Oct. 31, 2018
By: Michael Feldman
The National Energy Research Scientific Computing (NERSC) Center at Lawrence Berkeley National Laboratory has purchased a Cray supercomputer that will be one of the world’s first Shasta-class systems to come online.
The machine, known as Perlmutter, (named after the lab’s Nobel Prize-winning astrophysicist Saul Perlmutter) comes with a price tag of $146 million. That includes the cost of the machine plus multiple years of service and support from Cray.
When it comes online in 2020, Perlmutter is expected to deliver more than three times the computational performamce currently installed at NERSC. Given that most of the current capacity is provided by the 27.9-petaflop Cori supercomputer, we can assume new system will top out at close to 100 peak petaflops.
According to Nick Wright, the lead for NERSC’s Advanced Technology Group, the system will be a mix of CPU-only nodes and GPU-accelerated nodes, with more of the former than the latter. The GPUs will be sourced from NVIDIA, and will most like be the company’s next-generation Tesla offering; AMD will be providing the CPUs, presumably based on its third-generation EPYC processors (codenamed Milan). The CPU-only nodes will be dual-socket servers, while the NVIDIA-accelerated nodes will have a single CPU and four GPUs.
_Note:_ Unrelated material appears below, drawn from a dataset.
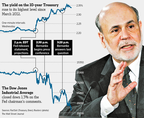 3. ФРС приписал достигнутое в последнее время уверенное и самоподдерживающееся улучшение на рынке труда себе, хотя нет никакой возможности сравнить с тем, что было бы без QE. В то же время значительное число членов ФКОР полагают, что в этой политике они, возможно, зашли слишком далеко и выход из нее не будет таким уж безболезненным. Первым признаком возможной «жесткой посадки» стала реакция на предположение Бернанке 22 мая, что сжатие QE может произойти еще до конца 2013. Этот намек сразу же увеличил времннУю премию по 10-летним казначейским облигациям на 120 б.п., ликвидировав весь эффект в этом отношении, достигнутый в ходе QE3, уронил фондовые индексы, и вызвал девальвации валют развивающихся стран из-за сокращения дифференциалов ставок. (Реакция рынков на это выступление главы ФРС - на картинке в правом верхнем углу).

The system will be hooked together with Cray’s Slingshot interconnect, a technology the company is introducing in conjunction with its Shasta platform.
Perlmutter represents the lab’s NERSC-9 machine, which as recently as 2017 was going to deliver over 100 petaflops of capacity. That suggests the NERSC originally had another design in mind, perhaps, like Cori, based on Intel silicon. Since Intel dropped its Xeon Phi processor line and is way behind schedule even getting its 10nm Xeon CPUs into the field, it’s possible the lab had to turn to AMD and NVIDIA to meet the system’s planned deployment date.
By the time Perlmutter is up and running in 2020, Cori will be four years old and likely near the end of its useful life. As such, the new system will be the principal supercomputer NERSC’s 7,000-plus users will turn to for their large-scale HPC jobs. In addition to the Perlmutter’s increased computational power, it will also be equipped with an integrated 30PB all-flash storage filesystem. That will make it much more capable than its predecessor at processing the kind of massive datasets that researchers are now using to feed their scientific simulations, analytics, and machine learning workloads.
After Perlmutter will come NERSC-10, which is slated to be the lab’s first exascale machine. That system is tentatively planned to be installed in 2024.